A word-for-word copy of the entries, with images excluded, is the expected answer.

Supplied information –
------------------------------------------------
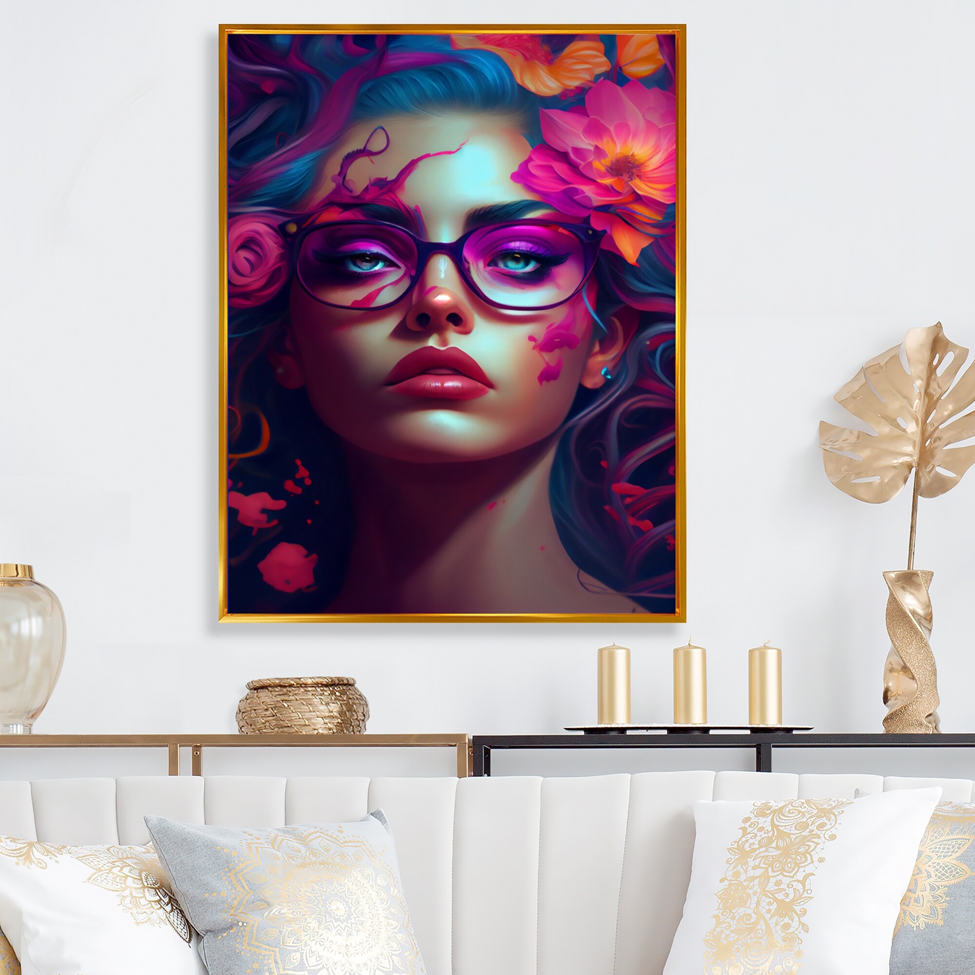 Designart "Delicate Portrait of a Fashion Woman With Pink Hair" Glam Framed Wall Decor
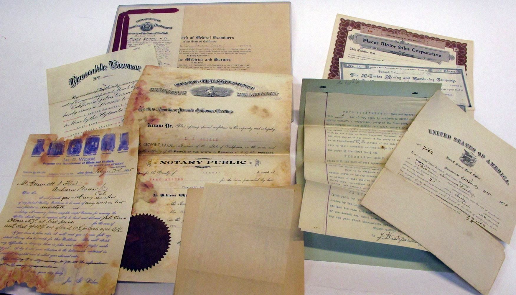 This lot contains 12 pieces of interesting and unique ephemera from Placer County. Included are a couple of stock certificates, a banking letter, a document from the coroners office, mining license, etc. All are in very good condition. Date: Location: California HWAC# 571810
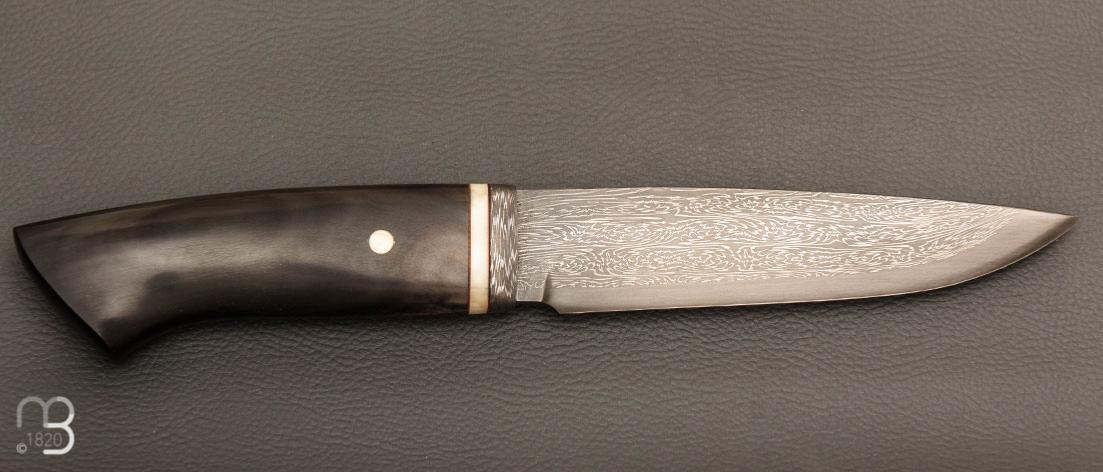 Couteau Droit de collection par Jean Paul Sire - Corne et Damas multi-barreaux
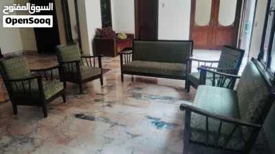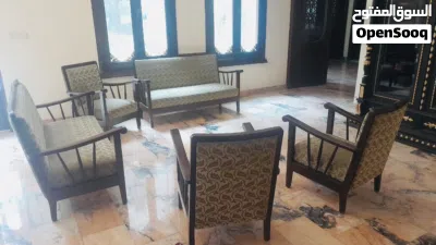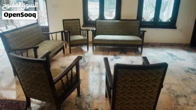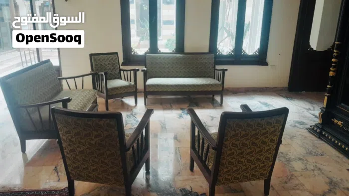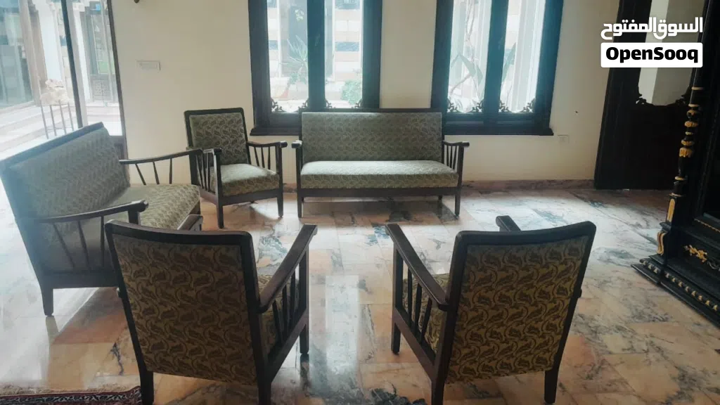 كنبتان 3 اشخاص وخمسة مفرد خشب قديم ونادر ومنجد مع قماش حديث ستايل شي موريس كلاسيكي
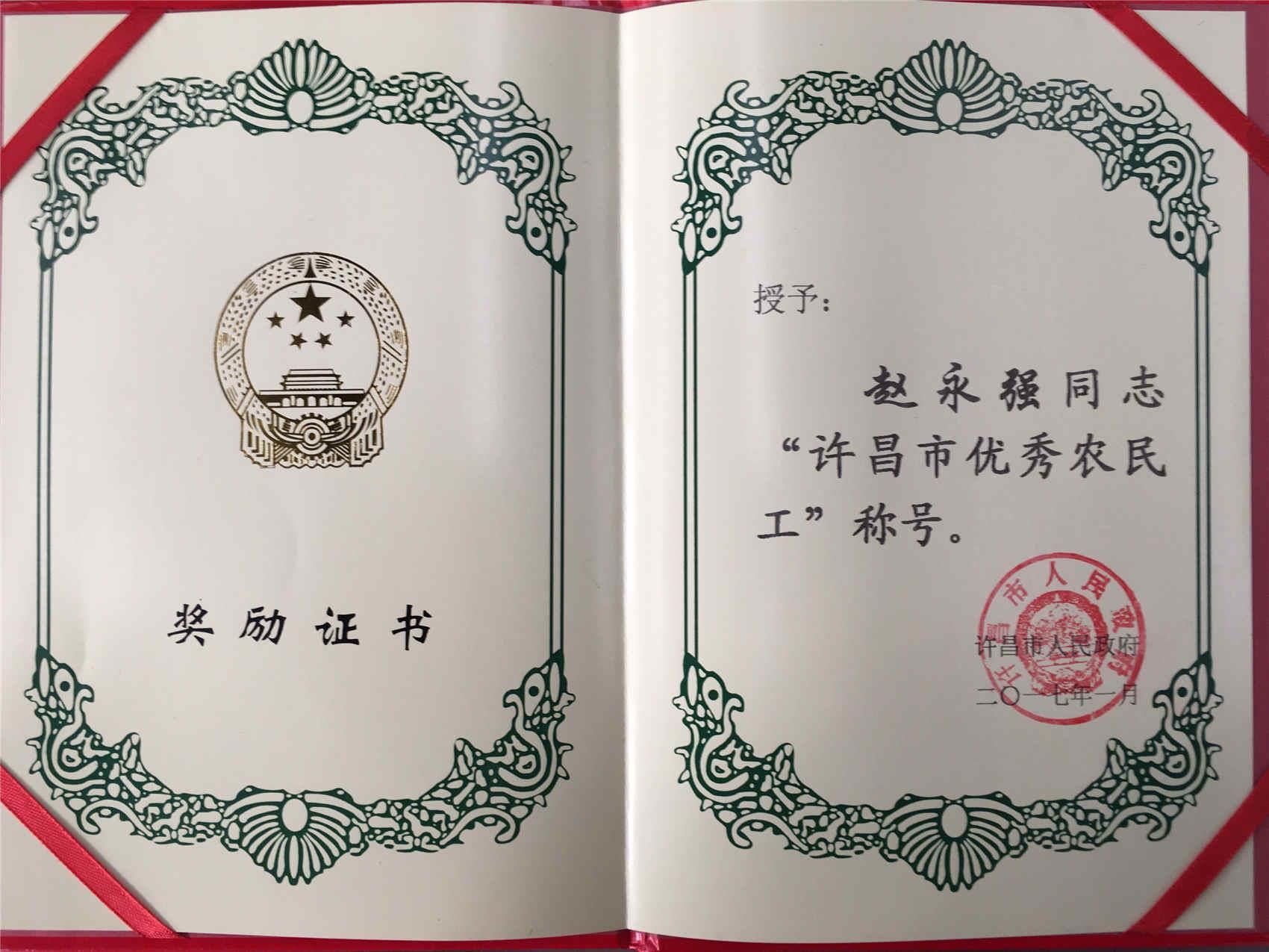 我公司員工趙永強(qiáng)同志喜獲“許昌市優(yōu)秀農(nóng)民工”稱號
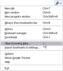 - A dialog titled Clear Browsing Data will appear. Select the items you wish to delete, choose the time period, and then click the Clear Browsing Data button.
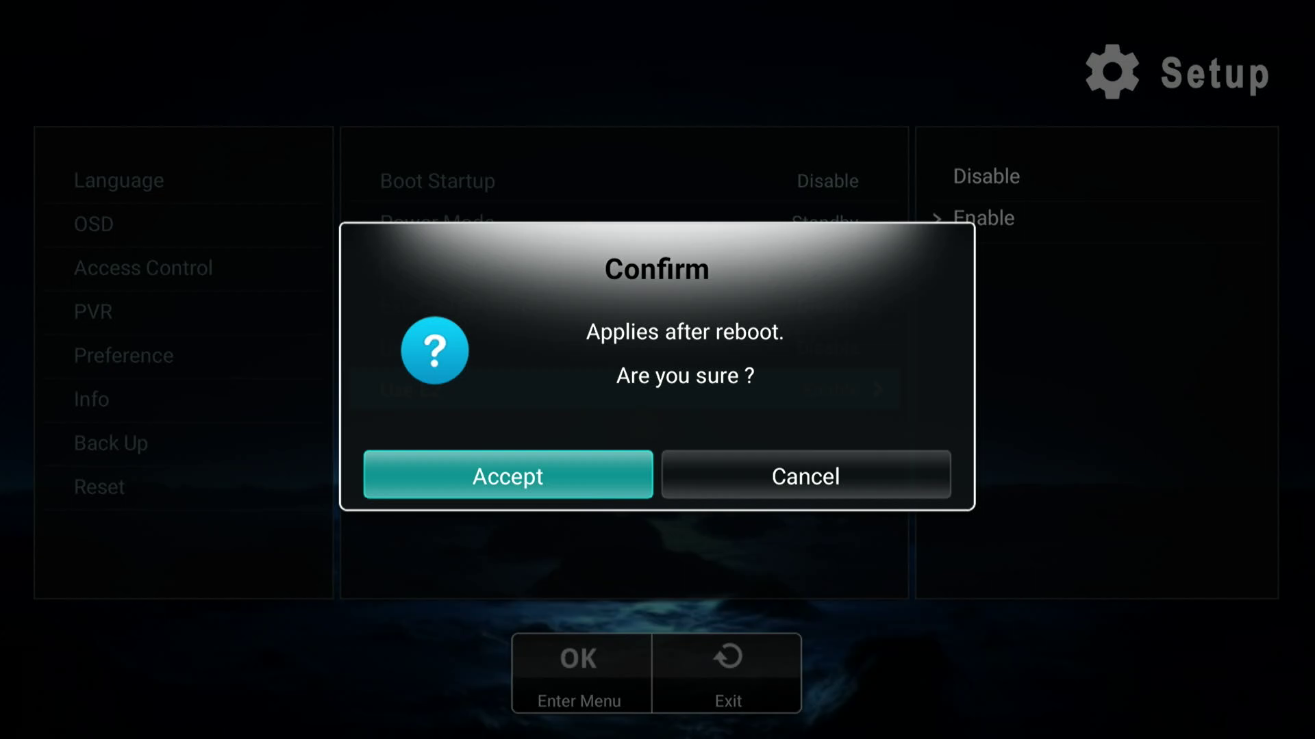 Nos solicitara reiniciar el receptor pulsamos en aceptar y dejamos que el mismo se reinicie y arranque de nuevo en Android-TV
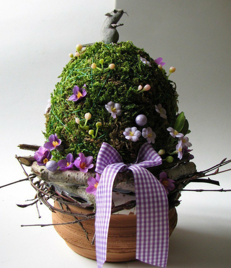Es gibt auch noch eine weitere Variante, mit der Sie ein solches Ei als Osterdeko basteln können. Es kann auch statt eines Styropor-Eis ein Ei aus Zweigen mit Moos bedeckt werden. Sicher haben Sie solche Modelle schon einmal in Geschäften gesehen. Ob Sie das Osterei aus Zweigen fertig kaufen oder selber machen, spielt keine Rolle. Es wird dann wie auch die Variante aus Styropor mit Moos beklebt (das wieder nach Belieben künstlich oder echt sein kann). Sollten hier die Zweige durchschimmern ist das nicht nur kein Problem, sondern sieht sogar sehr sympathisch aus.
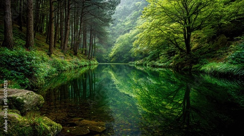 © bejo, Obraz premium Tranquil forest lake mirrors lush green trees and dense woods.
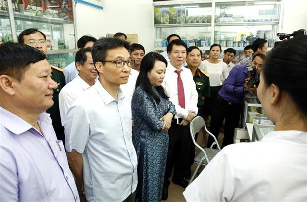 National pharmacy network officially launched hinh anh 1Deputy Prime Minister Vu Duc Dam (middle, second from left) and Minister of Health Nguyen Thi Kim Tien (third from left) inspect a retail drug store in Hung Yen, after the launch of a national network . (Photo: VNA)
------------------------------------------------
Written answer –
 Designart "Delicate Portrait of a Fashion Woman With Pink Hair" Glam Framed Wall Decor
 This lot contains 12 pieces of interesting and unique ephemera from Placer County. Included are a couple of stock certificates, a banking letter, a document from the coroners office, mining license, etc. All are in very good condition. Date: Location: California HWAC# 571810
 Couteau Droit de collection par Jean Paul Sire - Corne et Damas multi-barreaux
 كنبتان 3 اشخاص وخمسة مفرد خشب قديم ونادر ومنجد مع قماش حديث ستايل شي موريس كلاسيكي
 我公司員工趙永強(qiáng)同志喜獲“許昌市優(yōu)秀農(nóng)民工”稱號
 - A dialog titled Clear Browsing Data will appear. Select the items you wish to delete, choose the time period, and then click the Clear Browsing Data button.
 Nos solicitara reiniciar el receptor pulsamos en aceptar y dejamos que el mismo se reinicie y arranque de nuevo en Android-TV
Es gibt auch noch eine weitere Variante, mit der Sie ein solches Ei als Osterdeko basteln können. Es kann auch statt eines Styropor-Eis ein Ei aus Zweigen mit Moos bedeckt werden. Sicher haben Sie solche Modelle schon einmal in Geschäften gesehen. Ob Sie das Osterei aus Zweigen fertig kaufen oder selber machen, spielt keine Rolle. Es wird dann wie auch die Variante aus Styropor mit Moos beklebt (das wieder nach Belieben künstlich oder echt sein kann). Sollten hier die Zweige durchschimmern ist das nicht nur kein Problem, sondern sieht sogar sehr sympathisch aus.
 © bejo, Obraz premium Tranquil forest lake mirrors lush green trees and dense woods.
 National pharmacy network officially launched hinh anh 1Deputy Prime Minister Vu Duc Dam (middle, second from left) and Minister of Health Nguyen Thi Kim Tien (third from left) inspect a retail drug store in Hung Yen, after the launch of a national network . (Photo: VNA)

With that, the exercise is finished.